Hace ya casi veinte años que cambió su Madrid natal por el ambiente rural de los Valles Pasiegos, en Cantabria, lo que ha ido transformando gradualmente la imaginería de sus letras. “La parafernalia rockera de ‘salgo por la noche y me pongo hasta arriba y me despierto con una chica que no conozco’ se acaba enseguida. Si siguiera con eso, me aburriría y aburriría a la gente que me sigue. Mis canciones han ido en paralelo a mi vida. Y cuando ha cambiado mi entorno, me ha dado otros elementos y me ha abierto los ojos a otras cosas. He aprendido más de la vida en el ámbito rural que cuando he vivido en un ambiente más nocturno y callejero.
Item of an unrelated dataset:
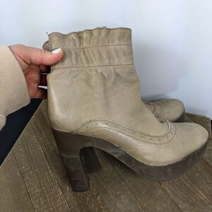FLY LONDON chunky heel ankle booties cream leather size 7

Aunque en el mundo rural también se sale un poco por la noche y, si te alejas del valle, puedes ir a ciudades cercanas y dejarte iluminar por el neón”, dice.
Por las mañanas lleva a su hija, de cinco años, al colegio; cuando regresa a casa, se pone un disco que le guste o coge la guitarra para rematar alguna canción; poco antes de la hora de comer, regresa al cole para recoger a la niña. “Debo ser más disciplinado en los horarios —explica—, pero al vivir muy aislados, tengo menos distracciones y compromisos que si viviera en Madrid y tuviera que ir tres noches por semana a conciertos de amigos”. En conmemoración del vigésimo quinto aniversario de su primer disco, romperá su sosiego campestre para emprender una gira a partir del 3 de noviembre que culminará el 13 de abril en Madrid.